[[ DATA open ]]
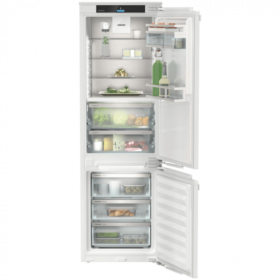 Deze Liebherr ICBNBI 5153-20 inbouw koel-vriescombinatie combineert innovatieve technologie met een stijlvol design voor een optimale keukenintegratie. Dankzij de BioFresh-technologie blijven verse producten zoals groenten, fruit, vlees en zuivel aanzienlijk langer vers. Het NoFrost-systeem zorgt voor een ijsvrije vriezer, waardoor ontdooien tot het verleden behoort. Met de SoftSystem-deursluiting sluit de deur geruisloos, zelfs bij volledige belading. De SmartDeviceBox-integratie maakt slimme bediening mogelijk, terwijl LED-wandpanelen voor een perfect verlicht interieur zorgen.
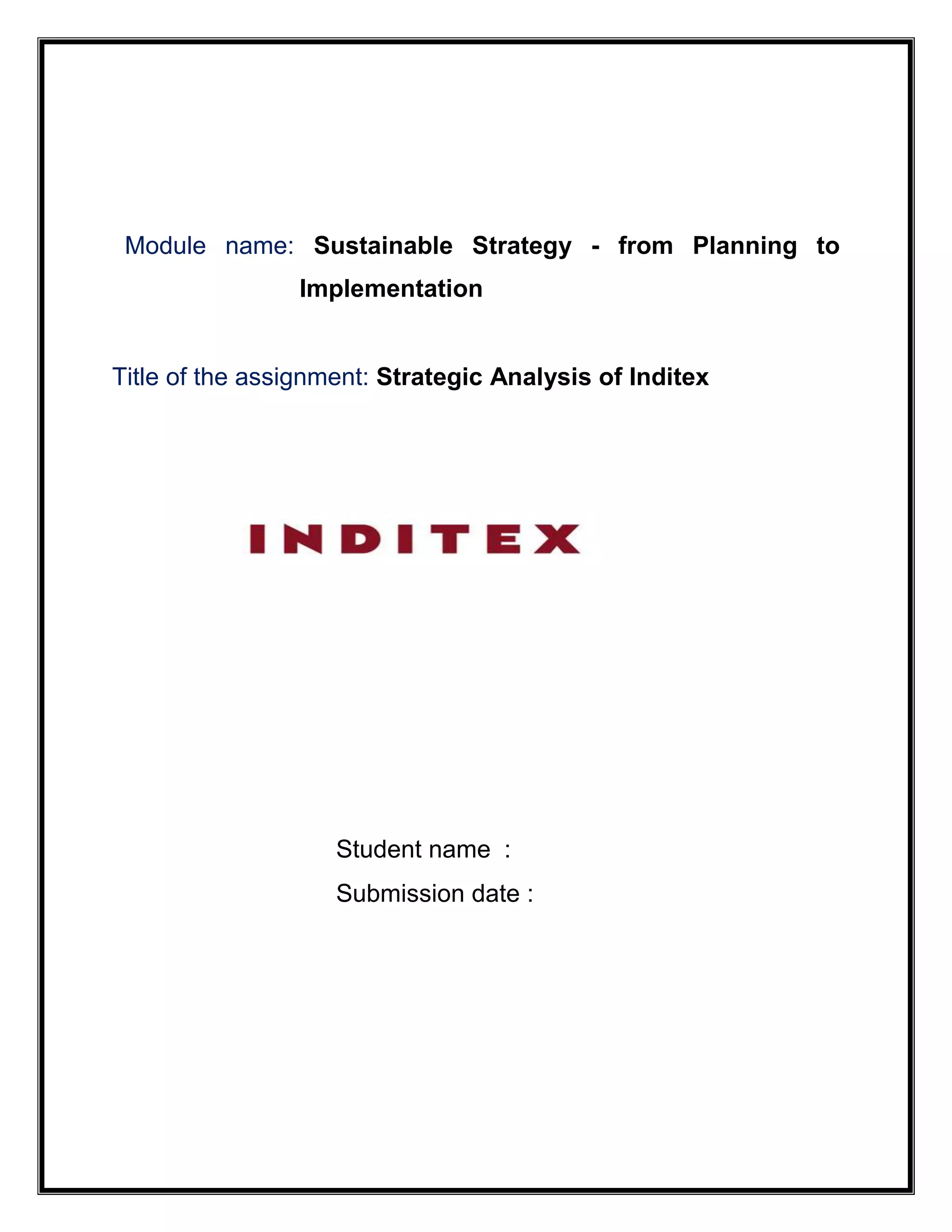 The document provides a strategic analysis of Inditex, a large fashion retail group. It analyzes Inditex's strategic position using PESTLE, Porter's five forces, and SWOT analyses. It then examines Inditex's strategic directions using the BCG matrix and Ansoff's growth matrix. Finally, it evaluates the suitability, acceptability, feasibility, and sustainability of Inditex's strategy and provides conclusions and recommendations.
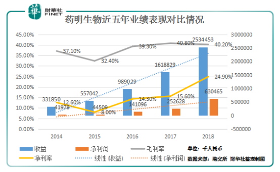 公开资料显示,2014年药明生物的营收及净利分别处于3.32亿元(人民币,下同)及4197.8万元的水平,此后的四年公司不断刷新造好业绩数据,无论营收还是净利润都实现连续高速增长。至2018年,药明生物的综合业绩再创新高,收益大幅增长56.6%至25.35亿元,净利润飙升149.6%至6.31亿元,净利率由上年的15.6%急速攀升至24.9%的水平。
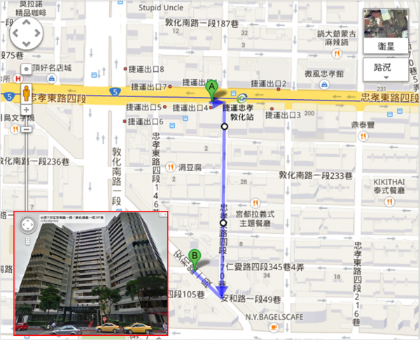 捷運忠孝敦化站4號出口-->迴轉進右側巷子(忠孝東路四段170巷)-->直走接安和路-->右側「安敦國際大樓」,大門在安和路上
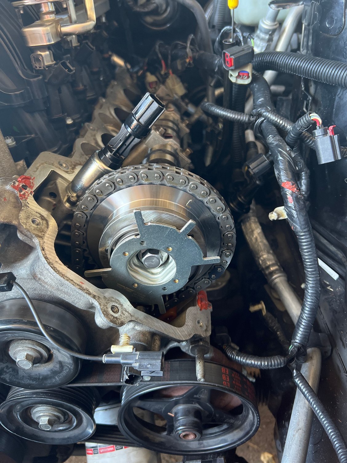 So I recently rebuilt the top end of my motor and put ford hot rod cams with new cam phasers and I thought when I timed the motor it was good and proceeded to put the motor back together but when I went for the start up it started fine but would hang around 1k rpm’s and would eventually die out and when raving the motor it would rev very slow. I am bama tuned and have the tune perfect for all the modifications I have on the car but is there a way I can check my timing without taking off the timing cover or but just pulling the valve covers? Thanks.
[[ DATA closed ]]
▶ _YOUR OBJECTIVE_
Word for word, print all of the data; skip the pictures.

▶ _ANSWER FOR THIS EXERCISE_
 Deze Liebherr ICBNBI 5153-20 inbouw koel-vriescombinatie combineert innovatieve technologie met een stijlvol design voor een optimale keukenintegratie. Dankzij de BioFresh-technologie blijven verse producten zoals groenten, fruit, vlees en zuivel aanzienlijk langer vers. Het NoFrost-systeem zorgt voor een ijsvrije vriezer, waardoor ontdooien tot het verleden behoort. Met de SoftSystem-deursluiting sluit de deur geruisloos, zelfs bij volledige belading. De SmartDeviceBox-integratie maakt slimme bediening mogelijk, terwijl LED-wandpanelen voor een perfect verlicht interieur zorgen.
 The document provides a strategic analysis of Inditex, a large fashion retail group. It analyzes Inditex's strategic position using PESTLE, Porter's five forces, and SWOT analyses. It then examines Inditex's strategic directions using the BCG matrix and Ansoff's growth matrix. Finally, it evaluates the suitability, acceptability, feasibility, and sustainability of Inditex's strategy and provides conclusions and recommendations.
 公开资料显示,2014年药明生物的营收及净利分别处于3.32亿元(人民币,下同)及4197.8万元的水平,此后的四年公司不断刷新造好业绩数据,无论营收还是净利润都实现连续高速增长。至2018年,药明生物的综合业绩再创新高,收益大幅增长56.6%至25.35亿元,净利润飙升149.6%至6.31亿元,净利率由上年的15.6%急速攀升至24.9%的水平。
 捷運忠孝敦化站4號出口-->迴轉進右側巷子(忠孝東路四段170巷)-->直走接安和路-->右側「安敦國際大樓」,大門在安和路上
 So I recently rebuilt the top end of my motor and put ford hot rod cams with new cam phasers and I thought when I timed the motor it was good and proceeded to put the motor back together but when I went for the start up it started fine but would hang around 1k rpm’s and would eventually die out and when raving the motor it would rev very slow. I am bama tuned and have the tune perfect for all the modifications I have on the car but is there a way I can check my timing without taking off the timing cover or but just pulling the valve covers? Thanks.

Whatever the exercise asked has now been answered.